▸ Exercise
Exactly the lines from the one holding "在垫江县高安镇高东村,一架无" through the end of the material below must be printed, nothing more, and the pictures must be dropped.

▸ Collected material
◆ ◆ ◆

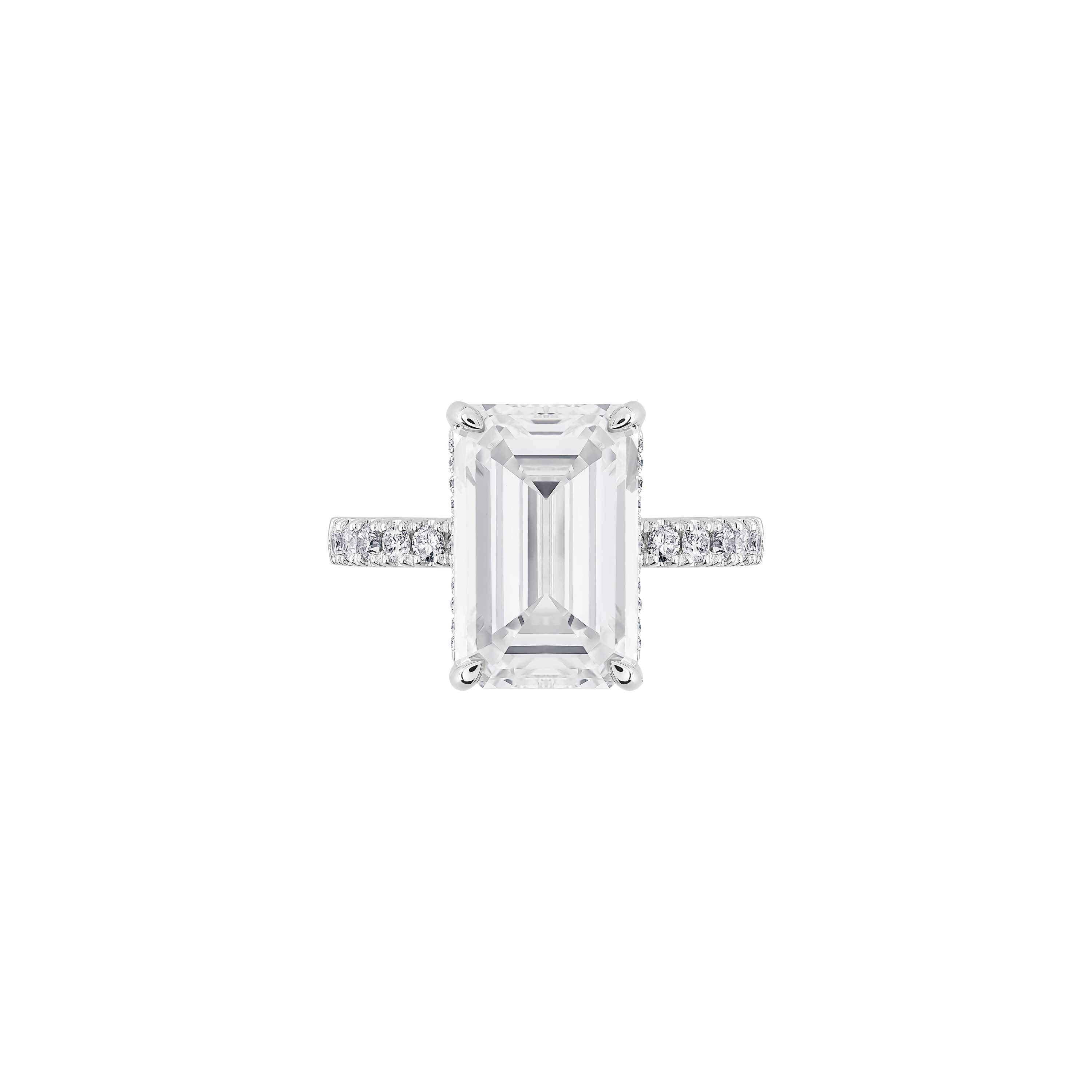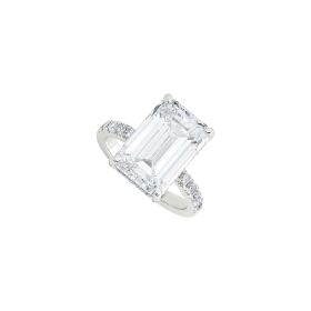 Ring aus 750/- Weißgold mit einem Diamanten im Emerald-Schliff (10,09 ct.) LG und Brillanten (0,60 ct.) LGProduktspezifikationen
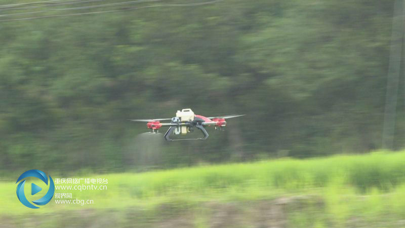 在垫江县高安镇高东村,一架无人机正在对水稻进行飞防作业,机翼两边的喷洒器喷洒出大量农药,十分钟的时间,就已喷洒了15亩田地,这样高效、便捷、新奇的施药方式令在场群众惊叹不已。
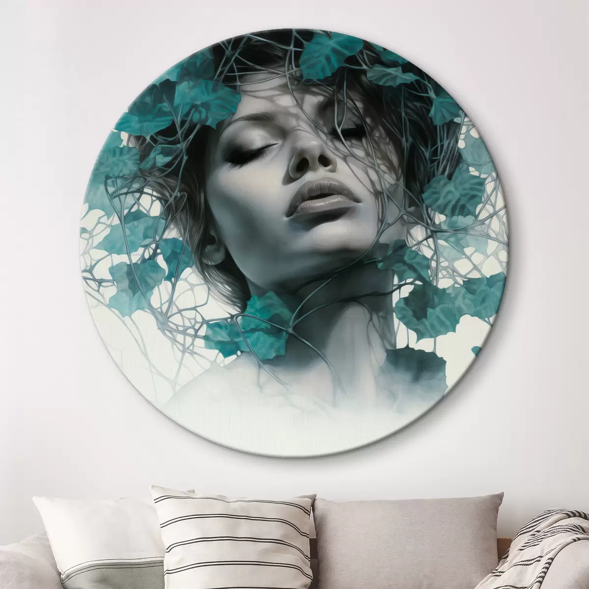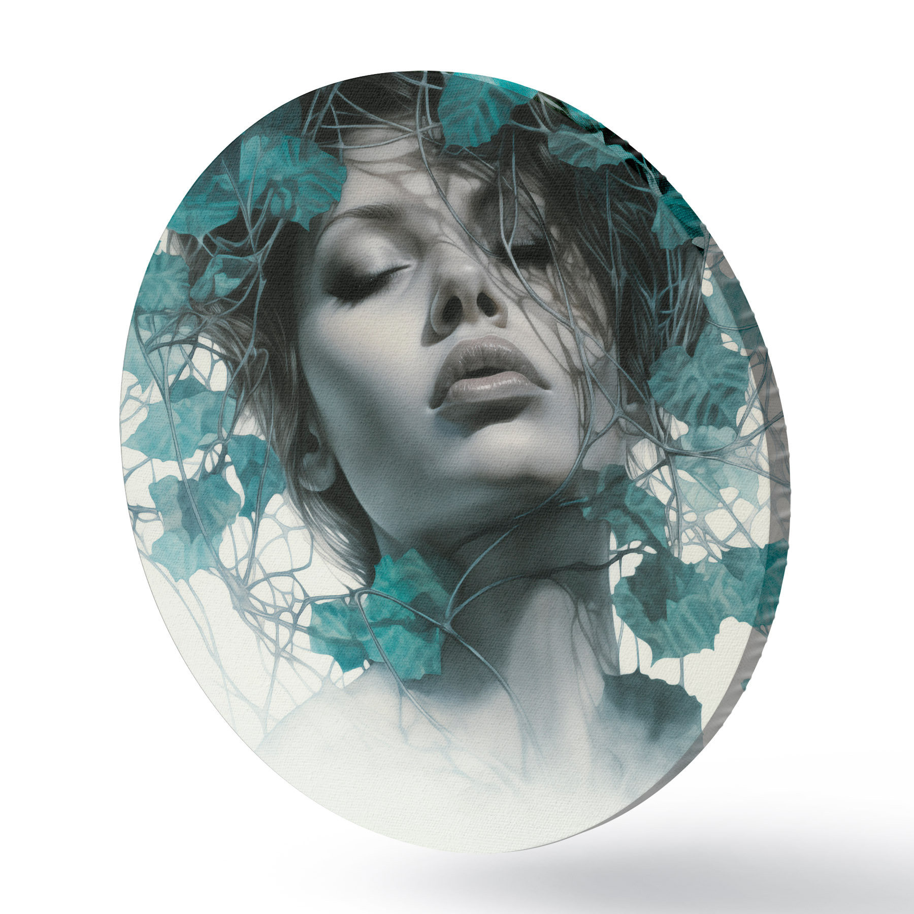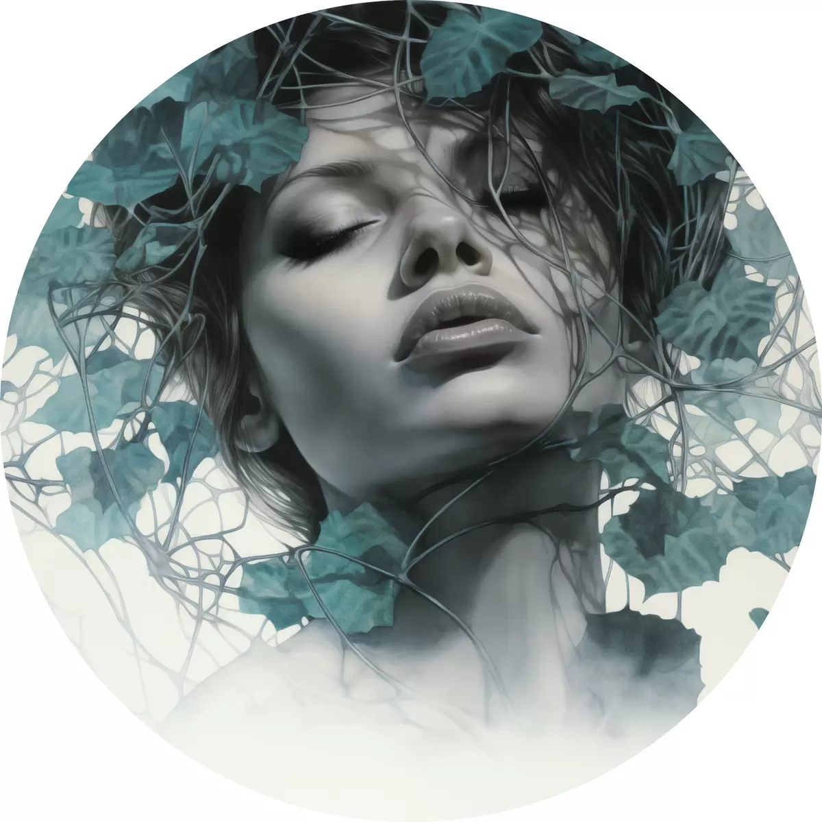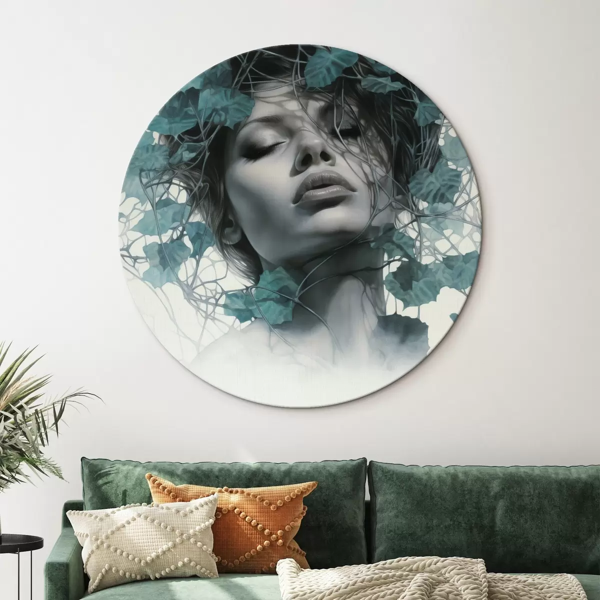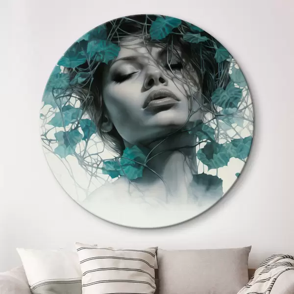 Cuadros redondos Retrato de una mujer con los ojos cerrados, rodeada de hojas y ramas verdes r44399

◆ ◆ ◆

▸ Exercise response
 在垫江县高安镇高东村,一架无人机正在对水稻进行飞防作业,机翼两边的喷洒器喷洒出大量农药,十分钟的时间,就已喷洒了15亩田地,这样高效、便捷、新奇的施药方式令在场群众惊叹不已。
 Cuadros redondos Retrato de una mujer con los ojos cerrados, rodeada de hojas y ramas verdes r44399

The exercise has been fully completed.